Höganäs Keramik began its manufacturing operations in 1909. It is now a design company and a part of Iittala Group, which is also known for BodaNova, Rörstrand and Iittala design brands.

The company's range includes stoneware from Höganäs Keramik, cutlery, glass, serving products from BodaNova and porcelain tableware from Rörstrand.

== History ==
The company was founded in 1909 and was originally called Andersson & Johansson's Pottery Factory. Sigfrid Johansson was glazier and colleague Karl Andersson was master turner. The production of ceramics in earthenware was initially conducted in rather modest forms, but already after five years - 1914 - it was possible to participate in the Baltic exhibition in Malmö. During the 1920s, the factory was expanded to accommodate five turntables. Since Höganäs AB in 1926 switched completely to stoneware production, it was possible to take over their premises for pottery production. During the 1930s came the first own collections. They now began to manufacture various refractory products for trade, including ashtrays with red glaze.

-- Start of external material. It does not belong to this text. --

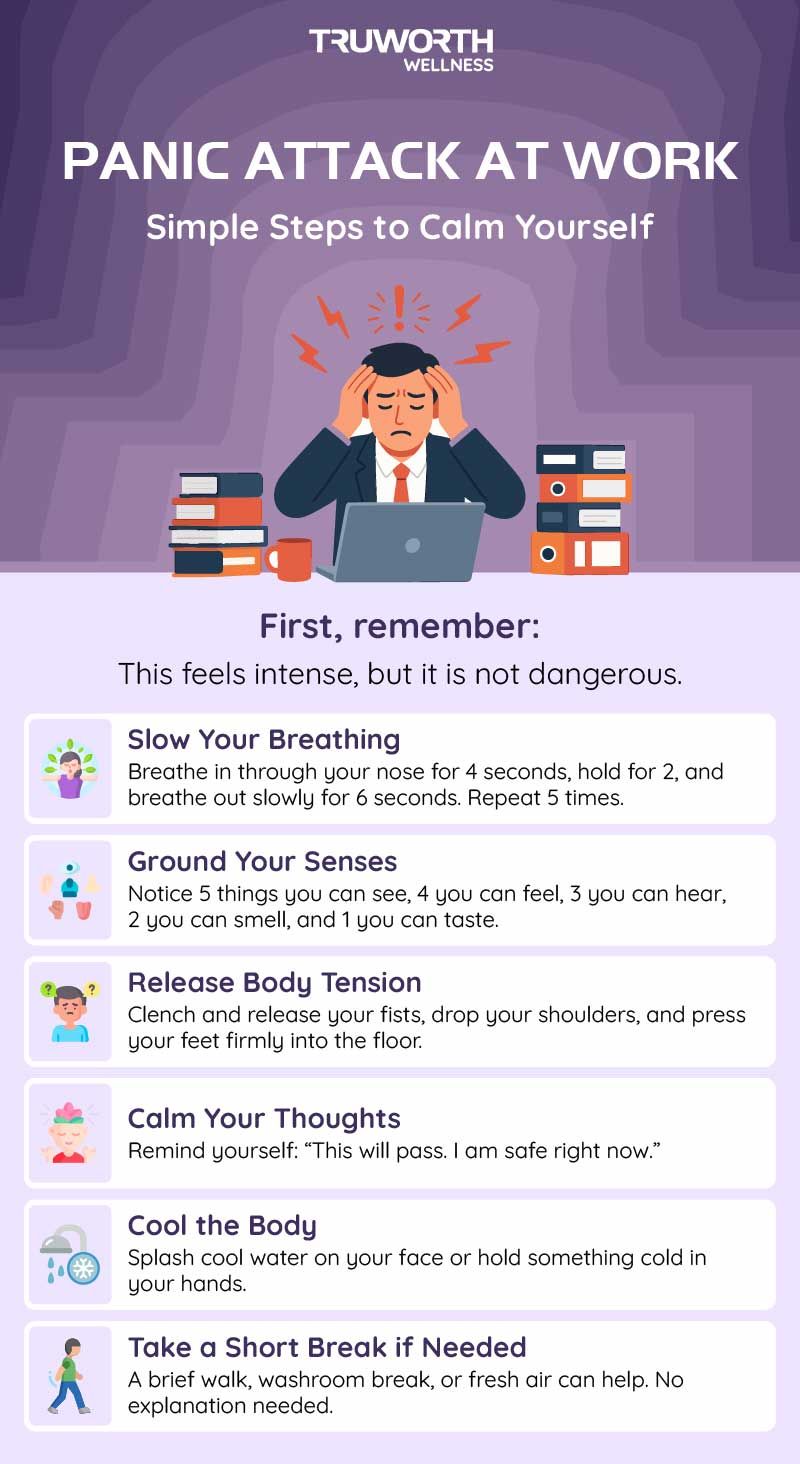 Breathing is one of the fastest ways to calm panic, especially in a workplace setting where discretion matters.

A factory twice the size was taken into use in the 1940s, and in 1948 the business was transformed into a limited company. Molds, pots and pans became increasingly common elements in the range. During the exhibition H55 in Helsingborg, the ceramic series Old Höganäs was launched, inspired by the light lead-glazed goods from Höganäsbolaget. During this time, several well-known artists are also associated with the factory, including John Andersson, Signe Persson-Melin and Hertha Bengtsson.